THE SILENT WORLD

Waking up before dawn allows you to see each star still in the sky, others reflected in the puddles.

It's cold, the darkness persists and embraces us with its mantle of wind and rain.

I sowed my intentions materialized in apple seeds. I sowed them near the olive tree where I had installed Matria. And immediately afterwards the rain came.

I then picked up the red diary and found a piece of the family tree, notes taken after having bisto the film "Mother", where are your children?

Everything makes sense, even spending the day cleaning and packing, seeing The Paper House and feeling a thousand anxieties.

I carry with me the fear of not making it and falling into the abyss. The fear that I would like to dissolve, that I would like to have no more.

And it all seems to me like a messily ordered chaos in which you simply have to find the thread again.

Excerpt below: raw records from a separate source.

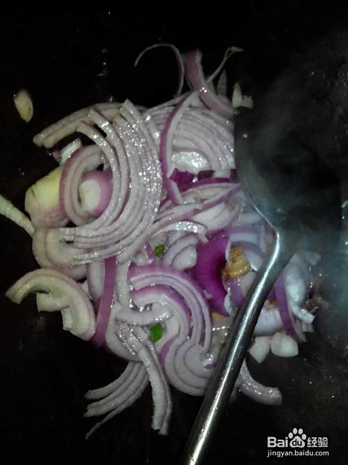 这时把洋葱放入锅中爆炒,来回炒一分钟.
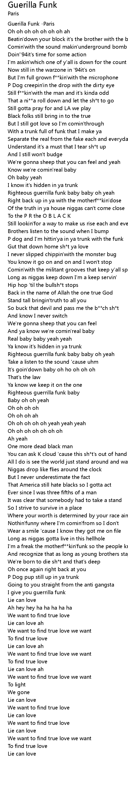 Righteous guerrilla funk baby baby oh yeah |
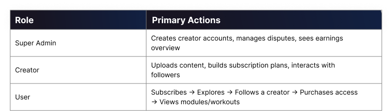 If a user likes a particular trainer, they can purchase a specific subscription plan to unlock all exclusive content from that creator—like exercise videos, structured modules, and meal plans. Content Access and Progress Tracking:
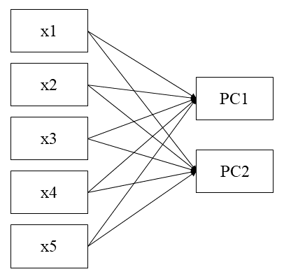 We have other types of models, like formative models. Formative models are usually analyzed using Principal Component Analysis, where the latent variables are formed by the manifest variables (or items). An example of a variable in the formative model is socioeconomic level, which can be explained by items such as income, place of residence, education, etc. Thus, this latent variable is a representation of the items. An example of a formative model can be seen in Figure 3.3.

Yesterday I felt a slight thrill and joy in seeing various episodes of "The Silent Sea". I looked like a teenager in the middle of all the betting chaos. Compelling, beautiful. But I keep seeing the way society has shrunk. Dehumanized. Will there remain, even in this case, only an animal-daughter to continue life?

1 Comment (+add yours?)

  1. Woodsy
    Jan 21, 2022 @ 20:31:06

    The past couple of days, the abyss has been dancing with me. Parts of me have been dropping into mist, then into holes, raw places…
    But rescuers continue to smile,
    seeing me where I have forgotten myself.
    It shocks me,
    how much they see in what has lately felt so little…
    like a candle re-lighting in a hurricane.